Я не имею привычки совать нос в чужие дела.
"Так ведет себя человек, который боится сболтнуть лишнее, -
машинально отметил майор, - нет, неверно. Так ведет себя человек,
который вообще боится. Всего на свете. Но не хочет этого показывать. А
кому на ее месте не было бы страшно?"
- Значит, вы пришли в одиннадцать сорок? - уточнил Арсеньев, глядя в
выпуклые светло-карие глаза домработницы. - Вы ожидали застать Викторию
Павловну дома?
- Я пришла убрать в квартире. Я прихожу три раза в неделю, к
двенадцати, и работаю до шести. У меня есть ключ. Остальное меня не
касается.
- Ваша хозяйка не собиралась уезжать из Москвы на праздники?
- Не знаю.
- Погодите, Светлана Анатольевна, но вы ведь как-то общались,
разговаривали? Она вам платила предупреждала, что должна уехать, что
придут гости, ну и так далее, - Арсеньев слегка напрягся, пока не
понимая почему. Вряд ли ему передалась шутовская подозрительность Гены
Остапчука. Старший лейтенант вообще всегда всех подозревал, даже в
случаях естественной смерти со значением кивал в сторону близких
покойного, а потом долго вычислял, какие у этих близких могли быть
мотивы и выгоды, что им достанется из имущества.
- Одним из условий было молчание, - Ли-сова надменно вскинула
подбородок. - Когда я начала здесь работать,..
- А когда вы начали? - быстро перебил Арсеньев.
- Год назад.
- По рекомендации знакомых? Или через агентство?
- По просьбе моего близкого друга. Я много лет веду в его доме
хозяйство, и он попросил помочь одинокой женщине, с которой связан по
работе.
- По работе? Значит, вы все-таки знаете, где работала ваша хозяйка? -
тихо спросил Арсеньев.
Лисова молча помотала головой.
- Что за близкий друг? Пожалуйста, назовите его фамилию.

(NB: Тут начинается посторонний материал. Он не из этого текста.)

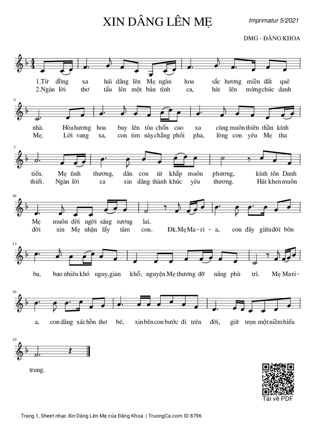 Sheet PDF with the same name Xin Dâng Lên Mẹ:

- Послушайте, зачем вы меня допрашиваете? По какому праву? Все равно
вам не доверят расследовать такое серьезное дело. Убит иностранец, и мне
странно, почему до сих пор здесь нет сотрудников ФСБ. А вы, собственно,
кто такой? Из районного отделения?
- Почему район? Мы не район! - обиделся Остапчук. - Мы из МУРа, я же
вам, гражданочка, показывал удостоверение. Читать умеете? Так
знакомого-то вашего как зовут, который вас сюда рекомендовал? Телефончик
его потрудитесь сообщить.
Лисова вытаращила глаза, открыла рот, но больше не произнесла ни
слова и вдруг стала медленно заваливаться на бок, продолжая смотреть на
Арсеньева. Остапчук все еще стоял позади нее и успел подхватить. Со
стула она не свалилась.
- Ну, ну, гражданочка, не надо нам здесь спектакли разыгрывать, -
проворчал он и легонько похлопал ее по щекам.
Впрочем, это был не спектакль. Светлана Анатольевна действительно на
несколько минут лишилась чувств.
***
Дождь кончился, но туман все не рассеивался. Он стал голубоватым, как
обезжиренное молоко.
- Возьми себя в руки, - бормотал Андрей Евгеньевич Григорьев,
пробегая мелкой трусцой по влажному тротуару, мимо нарядных двухэтажных
домов классического колониального стиля, мимо аккуратной маленькой копии
готического собора с двумя тонкими ребристыми башенками и цветными
витражами. На углу Сидней-стрит он чуть не налетел на разносчика пиццы,
который тащил высоченную стопку белых коробок, и видны были только его
ноги в форменных синих штанах с желтыми лампасами.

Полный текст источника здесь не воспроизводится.